The moniker "swine flu" clearly spooks many. But pigs, with the help of birds, routinely transmit seasonal flu to humans. "Swine flu" simply means it has genetic material from pig influenza mixed in. If that inherently made it more dangerous than a pure human flu, the 1976 strain wouldn’t have caused merely 500 infections with a 0.2% death rate.
This is pathetic. (Photo by Reuters)
No, influenza A (H1N1) doesn’t threaten to become "another Spanish Flu of 1918-19," as pig flu panic purveyors claim. Nothing does. Check your calendar; that was 90 years ago. We’re not hobbled by a world war, and since then, we’ve developed things called "antibiotics," as well as antivirals, pneumonia vaccines and other medical tools. In all flu outbreaks, including the Spanish one, secondary bacterial infections cause the vast majority of deaths. Not incidentally, one of the "worrisome" similarities between Spanish flu and swine flu is that both strains are of the H1N1 subtype. But — ahem! — So is one of the major subtypes of the latest seasonal flu.

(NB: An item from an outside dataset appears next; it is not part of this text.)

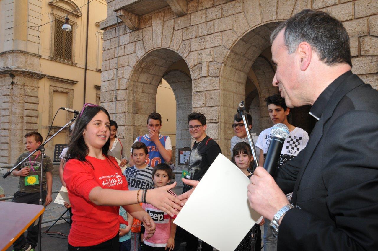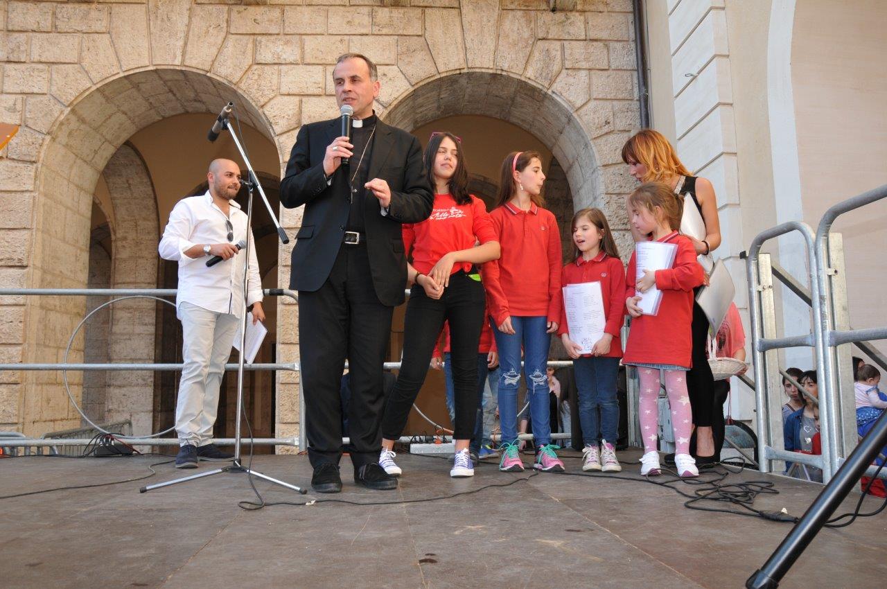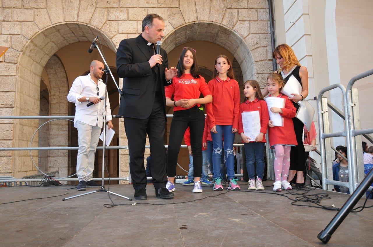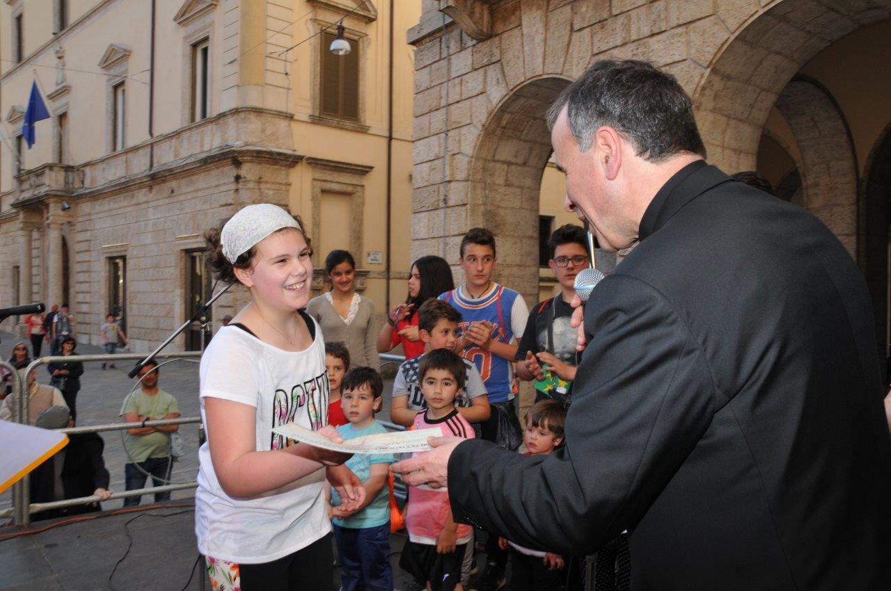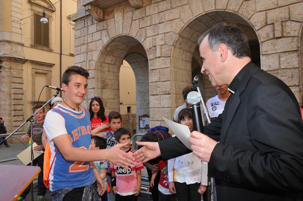 Una quinta tappa svolta nel centro storico di Rieti, dove si è svolta una “Caccia ai talenti, alla scoperta del tesoro di Francesco”, e che in piazza Vittorio Emanuele II ha visto il vescovo Domenico consegnare ai bambini le certificazioni finali del progetto.

Another panic prompter is that so far influenza A (H1N1) appears to disproportionately affect younger people. Assuming this holds up, one explanation would be that older persons have received some immunity from previous exposure to a similar strain. Cause for alarm? In any case, the stronger immune systems of younger people could explain the apparent mildness of symptoms outside of Mexico.

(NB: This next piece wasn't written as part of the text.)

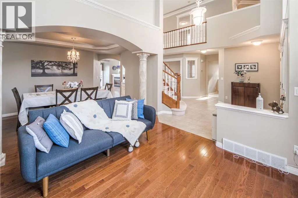 Open House March 28st Saturday 1:00-3:00pm. Golf Course View | Walkout Basement | Backing onto Green Space | 17â High CeilingsWelcome to this beautifully appointed estate two-storey home built by Janssen Homes, ideally located in the prestigious Hamptons community, backing directly onto the 11th hole of the Hamptons golf course. This fully finished home offers 5 bedrooms, Oak hardwood flooring, and a functional family-oriented layout. The main floor features a bright living room with soaring 17-foot ceilings, a formal dining room with elegant columns and recessed ceiling, a dedicated home office, and a spacious family room with floor-to-ceiling windows and 17-foot ceiling, built-in entertainment center, and a 3-sided fireplace. The cherry hardwood kitchen is equipped with granite countertops, a walk-in pantry, and upgraded stainless steel appliances, dishwasher(2025). The adjacent dining nook overlooks the golf course and green space. Upstairs offers 4 generously sized bedrooms, including a luxurious primary retreat with a walk-in closet, 3-sided fireplace, and spa-inspired ensuite featuring a jetted tub, double vanity, and separate shower. The walkout basement is fully developed with a 5th bedroom, full bathroom, large recreation room with wet bar, gas fireplace, and extensive built-insâideal for entertaining. New vinyl wood plank (2024) Additional features include central air conditioning, main floor laundry, and an oversized double attached garage. Enjoy outdoor living with both an upper balcony and a covered patio overlooking Golf course green space. The beautifully landscaped backyard with stone pathways and retaining walls. Located within minutes to Hamptons School, transit, parks, Superstore, LRT, University of Calgary, Foothills Medical Centre, and downtown. (id:27476)

It’s indeed true we have no vaccine for this flu. But two years ago, it turned out that the seasonal flu shot was ineffective against the primary strain and one of the two secondary strains. There was no appreciable increase in cases or deaths. That said, it would be insurance to make swine flu one of the three strains in this fall’s seasonal flu vaccine.
It’s also truly reassuring to see self-important health officials grasping for straws to make the outbreak appear more serious. Keiji Fukuda, a top WHO official, invoked the dreaded "M" word (mutation). "It’s quite possible for this virus to evolve," he said, whereupon it "can become more dangerous to people." Actually, evolution favors mutations that make a virus less harmful; better to adapt to a host than to kill it.
The last time a flu mutation perceptibly increased the U.S. death rate was the Hong Kong flu of 1968-69 (34,000 in a smaller population) and before that the Asian flu 1957-58 (70,000). They were bad, but hardly apocalyptic. Both occurred long before the advent of antivirals or pneumonia vaccines.
But influenza A (H1N1) hysteria is even now delivering a gut punch to a global economy, posing a serious risk of a recession within the recession.
It was SARS hysteria, and not the relatively tiny number of cases, that cost the economies of East and Southeast Asia 0.6 percentage points of 2003 GDP, according to the Asian Development Bank. And a World Bank report last year estimated that just the costs of avoiding infection during a flu pandemic — not the illness itself — would shave off 1.9% off world GDP. Some poorer parts of the world — including that containing Mexico — would lose 2.9% of GDP.
Ironically, because as we’ve seen in Mexico, wealth translates into health, poorer nations could well lose far more lives to the hysteria than the virus. Such are the wages of our swine flu fright fest.